ETA: I think it is also necessary that we differentiate between those to "R" words, revenge vs. restitution. One cannot understand the legal system and its need for punishment without appreciating the latter.


----------



## Willowy (Dec 10, 2007)

Lol, not going to argue about legal systems. 

Do you prefer: "in dog training, punishment (P+) is most often (but not always) motivated by ego and desire for revenge (and ignorance of alternatives)"?
(This does not mean that person is a terrible person or abusive. It just means their behavior is being motivated by ego and/or revenge. Nothing more nothing less. Many dog training books are quite open about their motive being "can't let a dog get the better of you"---that's ego)

Because I will argue for that one .


----------



## Shell (Oct 19, 2009)

esuastegui said:


> I'm really encouraged to read your response, coming as it does with so much varied experience. As a point of reference, have you raised all your dogs from puppies, or have you had an opportunity to employ your 100% positive approach with an older dog you've taken on, say, as a rescue, or out of a bad situation? I'm thinking of cases where the dog comes with "baggage" brought on by bad training and/or circumstances. If you haven't dealt with such dogs, can you imagine some scenarios where a dog with bad ingrained habits (maybe even bad enough to be out to "get you") requires more than 100% positive reinforcement?


I'm not CptJack and I think she's answered well and clearly but to add--

I haven't actually trained a dog that DIDN'T come with some sort of baggage. Ranging from mild like not being taught leash walking at full grown large dog, to medium like random stray with no training, to major like being crated 22 hours a day and given no training at all but lots of trauma. Several dog-aggressive dogs.

100% positive reinforcement doesn't happen in any situation.
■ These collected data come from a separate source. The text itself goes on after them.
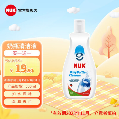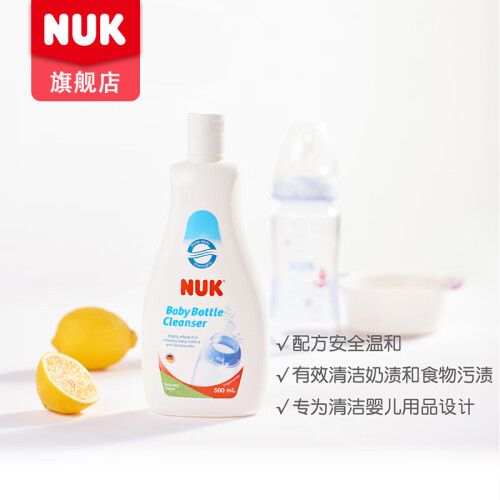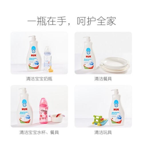 NUK 奶瓶奶嘴清洗液 ,天然温和,无香植物配方。如水样质地,更少化学添加,使用更安心。绿色环保,可自然降解,易冲洗无残留,泡沫丰富,轻松瓦解各种污渍,用量更省,去污力强。不伤器具、不伤手。
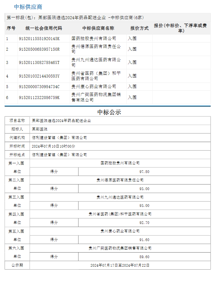 【军队采购】军队某部医院遴选2024年药品配送企业中标公示
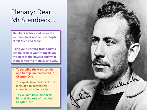 How Does Steinbeck Present Lennie And George In Chapter 1 Of Mice And Men Teaching Resources
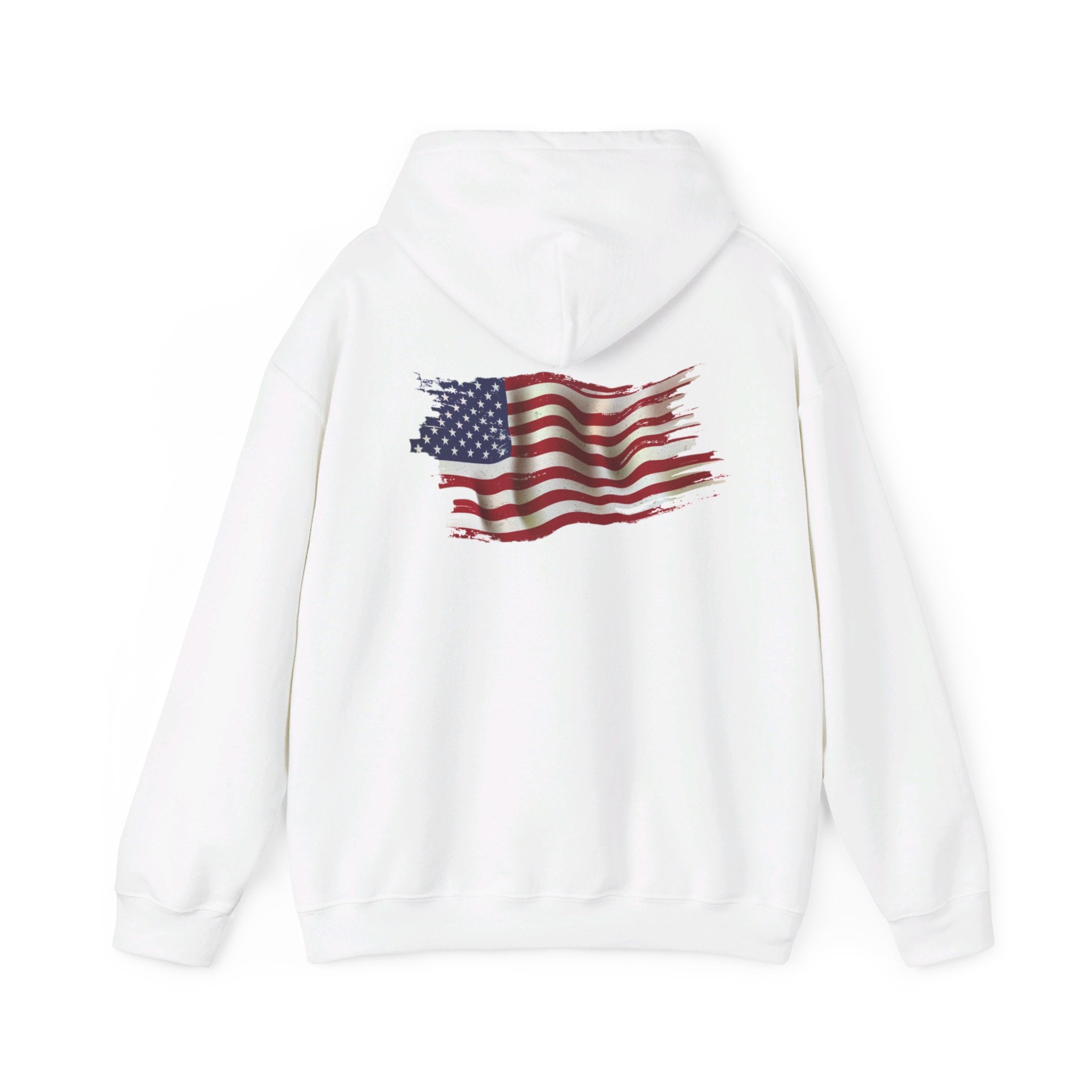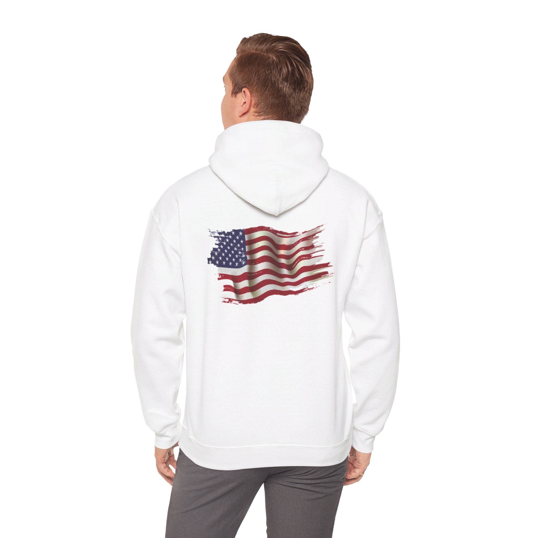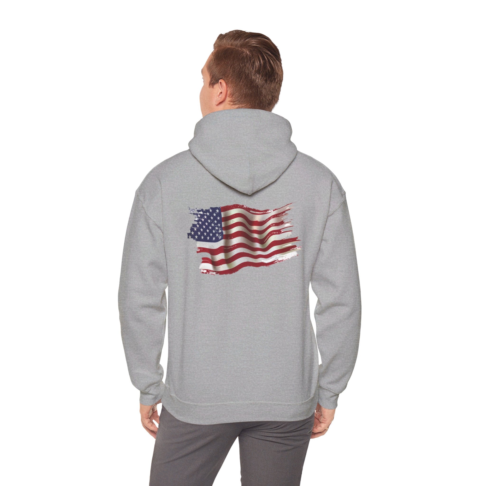 Unisex Heavy Blend Hooded Sweatshirt - Blue Green Logo on Front with USA Flag on Back of Sweatshirt

Dog training, horse training, kids, employees, whatever. 

I use mainly positive reinforcement (rewards) and negative punishment (timeout/remove a toy type thing) and yes, some positive punishment (ex. correction with a prong collar). 95% of issues fall into the first two categories AND the more the dog has "trauma" in the past? The more I avoided positive punishment. As in, a prong collar can serve well for a dog that is just over excited with major prey drive but does not serve well for a dog with fear aggression. The rougher the dog's past, the more rewards and TRUST matter. 

The thing is, none of that is because of dominance theory. It is strictly a practical approach to balancing the safety of the dog and I while on walks with the lowest possible form of correction. I start with harness walking, if that doesn't work, I move to a martingale or a no-pull harness, then if the safety issue is still a problem, I use corrections from the prong. Or, if the dog finds a no-pull harness stressful, the dog might prefer the prong as it changes their gait less.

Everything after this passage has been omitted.